On Valid Inequalities for Mixed Integer Conic Programs
Many operational questions arising in science and engineering, especially from the optimization under uncertainty, can be approximately addressed as systems of quadratic inequalities in continuous and integer variables. The resulting problems belong to the class of optimization problems referred as Mixed Integer Conic Programs (MICPs), which involve a general regular cone K such as the nonnegative orthant, the Lorentz cone (convex quadratic inequalities) or the positive semidefinite cone. In this talk we will describe the broad background of such problems, together with two new results that we have obtained.

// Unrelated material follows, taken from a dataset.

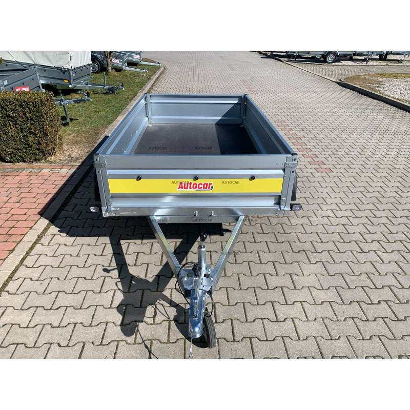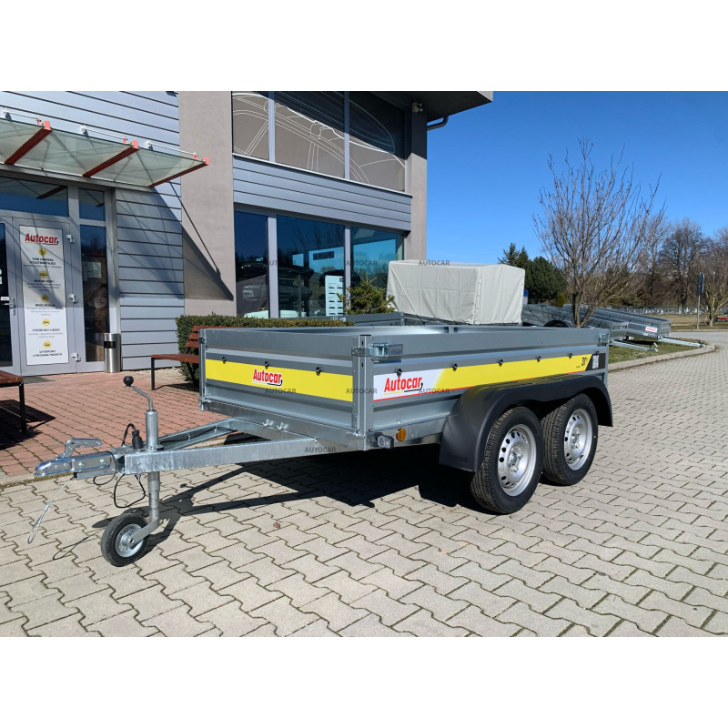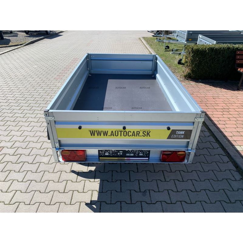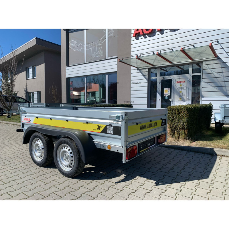 Der zweiachsige, ungebremst Anhänger mit robustem, 7 cm hohem geschweißt und Querverstärkung stellt eine zuverlässige Lösung für den Transport jeglicher Ladung dar. Sein U-Profilrahmen und die C-Profildeichsel bestehen aus bis zu 2,5 mm dickem Material. Seine breite Ladefläche mit den Maßen 2335 x 1230 und einer bordwände von 390 mm, aber das Wichtigste ist die bordwände von bis zu 1 mm, die Stabilität und Haltbarkeit garantiert. Dieser Wagen ist mit einem wasserfesten Sperrholzboden mit vier Bodenösen ausgestattet. Die klappbare Konstruktion der 8 cm hohen Deichsel ermöglicht ein einfaches Be- und Entladen der Ladung und macht diesen Anhänger für verschiedene Transportzwecke geeignet. anhänger verfügt neben der Kippfunktion auch über eine Frontöffnung und stützrad .

First, we will introduce the class of K-minimal valid linear inequalities for MICPs. Under mild assumptions, we will show that these inequalities together with the trivial cone-implied inequalities are sufficient to describe the convex hull. We study the characterization of K-minimal inequalities by identifying necessary, and sufficient conditions for an inequality to be K-minimal; which leads to efficient ways of showing a given linear inequality is K-minimal. Second, we will introduce a disjunctive technique for deriving conic valid inequalities for mixed integer sets defined by convex quadratic functions. This new technique recovers a number of results from the recent literature on deriving split and disjunctive inequalities for the mixed integer sets involving a Lorentz cone.